*Instructions to follow*
Repeat only these lines, exactly: the first line of the data, the line containing "Americans? | |||", and every line between them. Pictures stay out.

[Records excerpted from a collection]
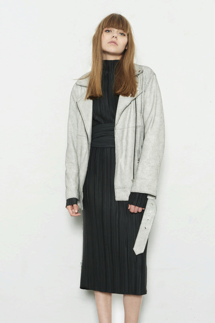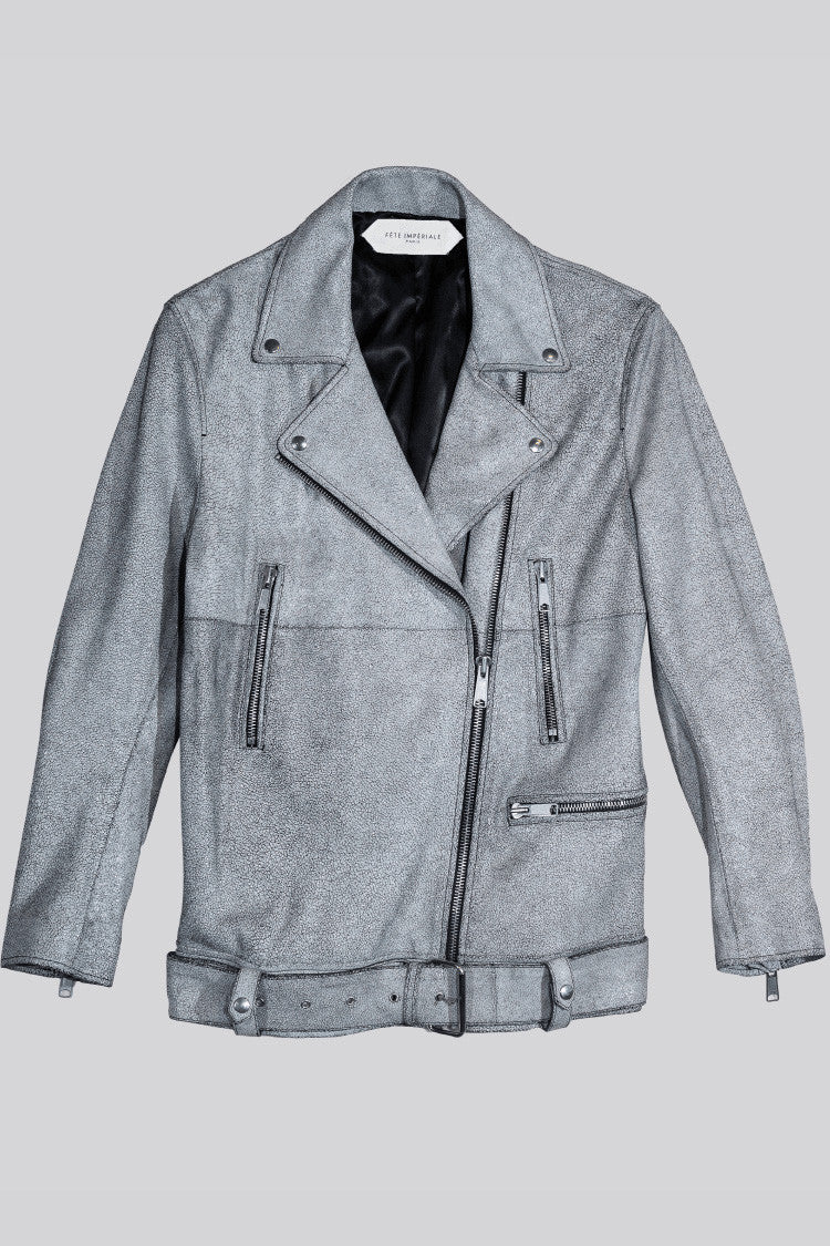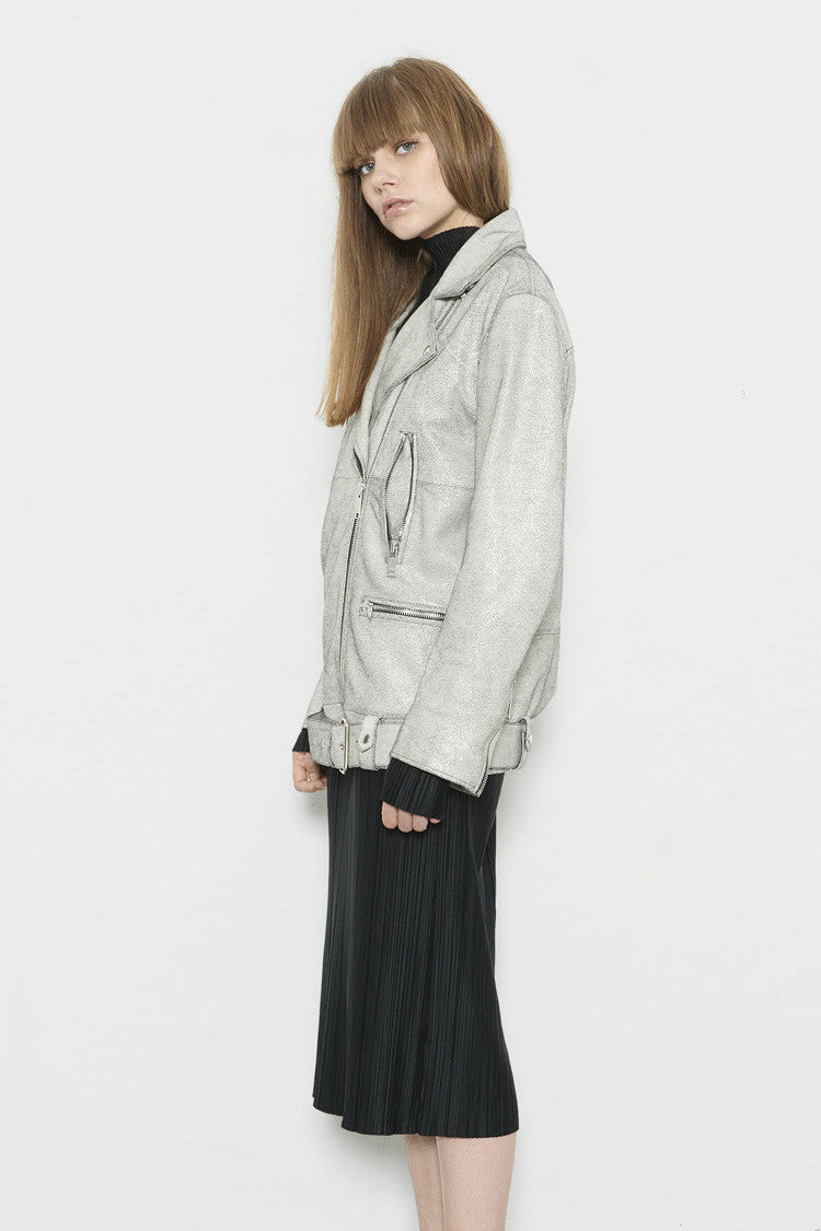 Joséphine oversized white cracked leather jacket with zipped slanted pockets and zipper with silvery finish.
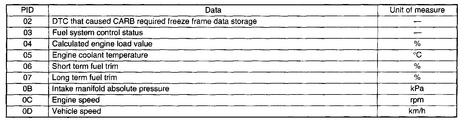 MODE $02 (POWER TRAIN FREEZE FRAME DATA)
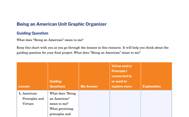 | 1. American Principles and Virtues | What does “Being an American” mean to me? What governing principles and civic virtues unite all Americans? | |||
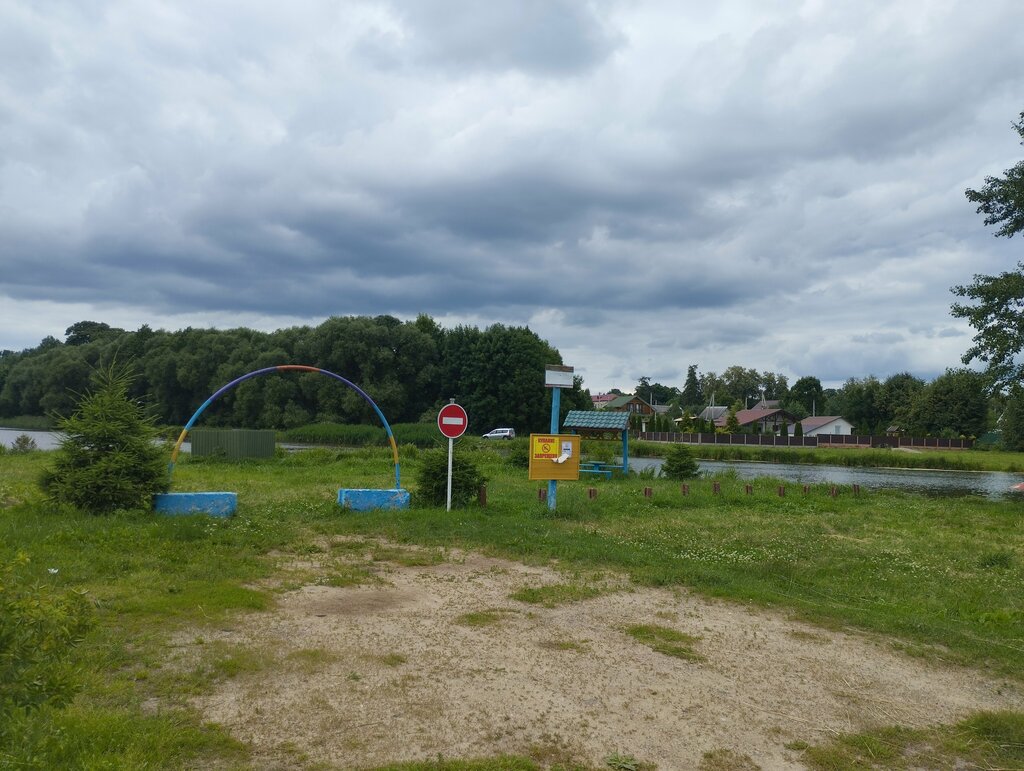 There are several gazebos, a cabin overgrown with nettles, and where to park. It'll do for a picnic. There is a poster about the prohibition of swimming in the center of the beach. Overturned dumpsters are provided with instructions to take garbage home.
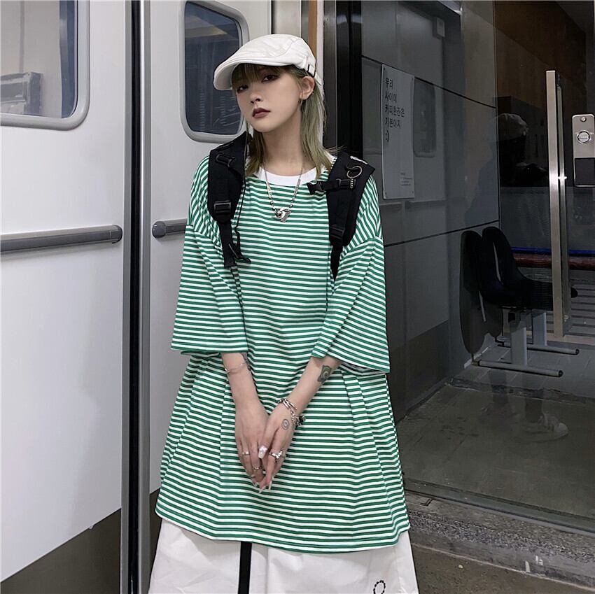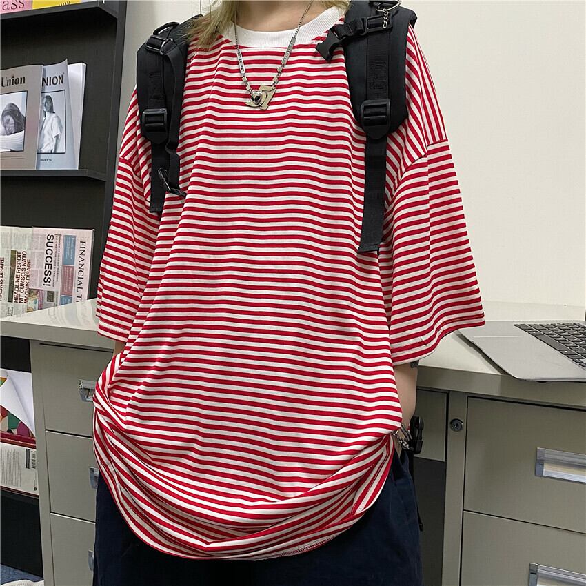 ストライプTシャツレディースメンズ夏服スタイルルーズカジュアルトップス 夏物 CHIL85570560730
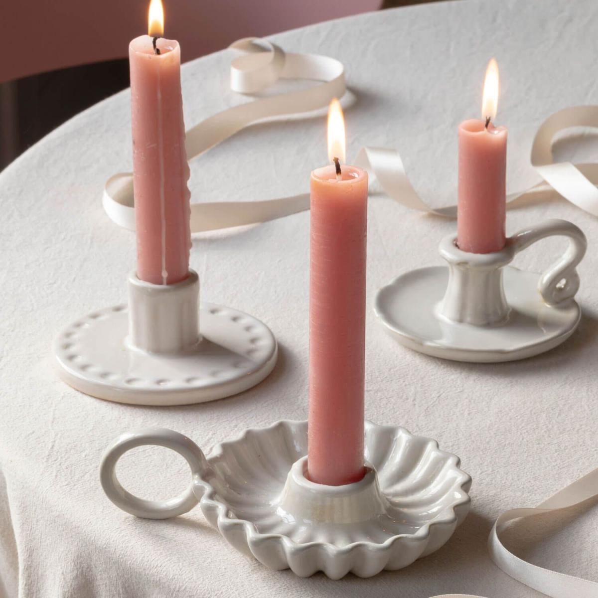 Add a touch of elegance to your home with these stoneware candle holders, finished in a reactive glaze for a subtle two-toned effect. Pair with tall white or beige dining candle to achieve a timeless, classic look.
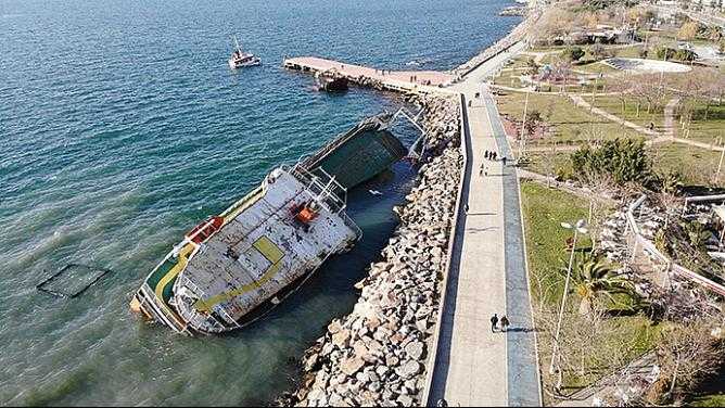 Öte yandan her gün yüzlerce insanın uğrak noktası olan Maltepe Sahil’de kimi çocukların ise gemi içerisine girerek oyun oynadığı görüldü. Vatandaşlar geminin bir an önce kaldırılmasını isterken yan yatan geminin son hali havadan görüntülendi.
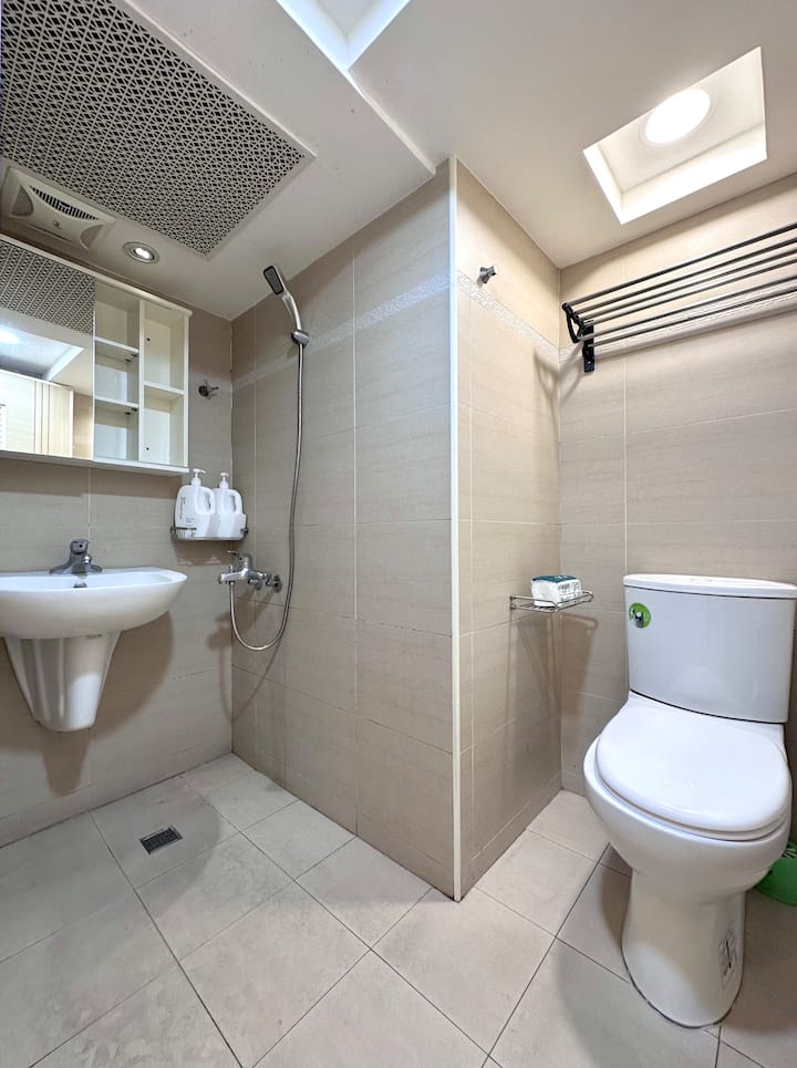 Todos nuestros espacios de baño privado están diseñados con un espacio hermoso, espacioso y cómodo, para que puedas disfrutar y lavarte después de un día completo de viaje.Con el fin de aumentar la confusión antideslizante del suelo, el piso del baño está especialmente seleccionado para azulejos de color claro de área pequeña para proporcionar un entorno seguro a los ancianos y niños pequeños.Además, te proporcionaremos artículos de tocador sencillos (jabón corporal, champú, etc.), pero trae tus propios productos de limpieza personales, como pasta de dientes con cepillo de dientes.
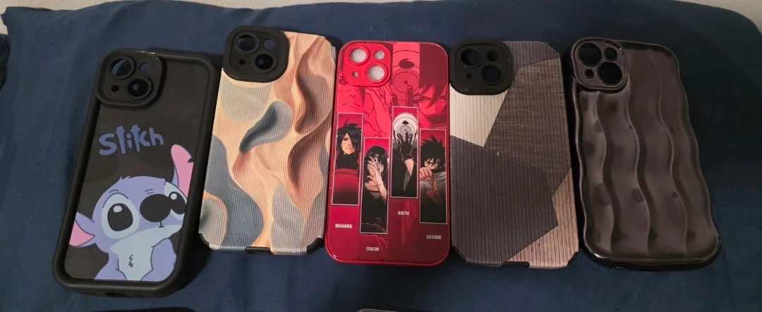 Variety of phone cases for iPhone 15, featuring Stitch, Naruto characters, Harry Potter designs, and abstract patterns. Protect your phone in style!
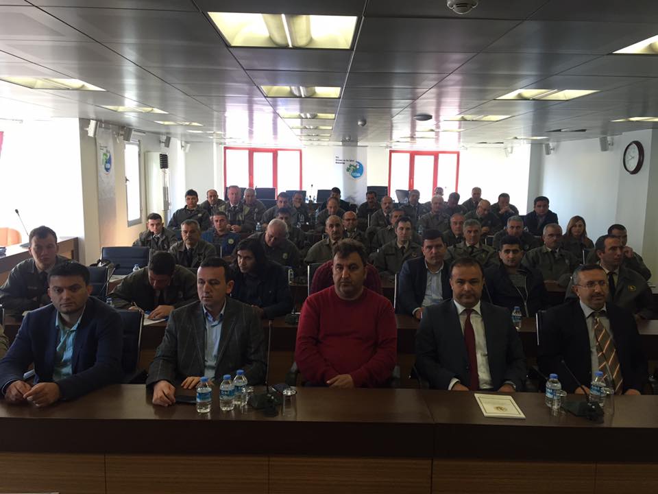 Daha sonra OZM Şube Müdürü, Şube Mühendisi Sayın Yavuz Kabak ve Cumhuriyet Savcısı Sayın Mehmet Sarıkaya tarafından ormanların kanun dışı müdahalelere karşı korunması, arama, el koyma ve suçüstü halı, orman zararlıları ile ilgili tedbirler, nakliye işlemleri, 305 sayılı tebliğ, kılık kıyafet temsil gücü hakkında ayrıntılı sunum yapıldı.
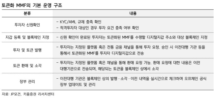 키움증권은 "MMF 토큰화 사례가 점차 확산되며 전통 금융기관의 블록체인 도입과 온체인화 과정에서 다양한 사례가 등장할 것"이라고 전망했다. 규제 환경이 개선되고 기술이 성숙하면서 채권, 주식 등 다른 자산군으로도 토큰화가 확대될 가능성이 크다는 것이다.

*Final answer*
 Joséphine oversized white cracked leather jacket with zipped slanted pockets and zipper with silvery finish.
 MODE $02 (POWER TRAIN FREEZE FRAME DATA)
 | 1. American Principles and Virtues | What does “Being an American” mean to me? What governing principles and civic virtues unite all Americans? | |||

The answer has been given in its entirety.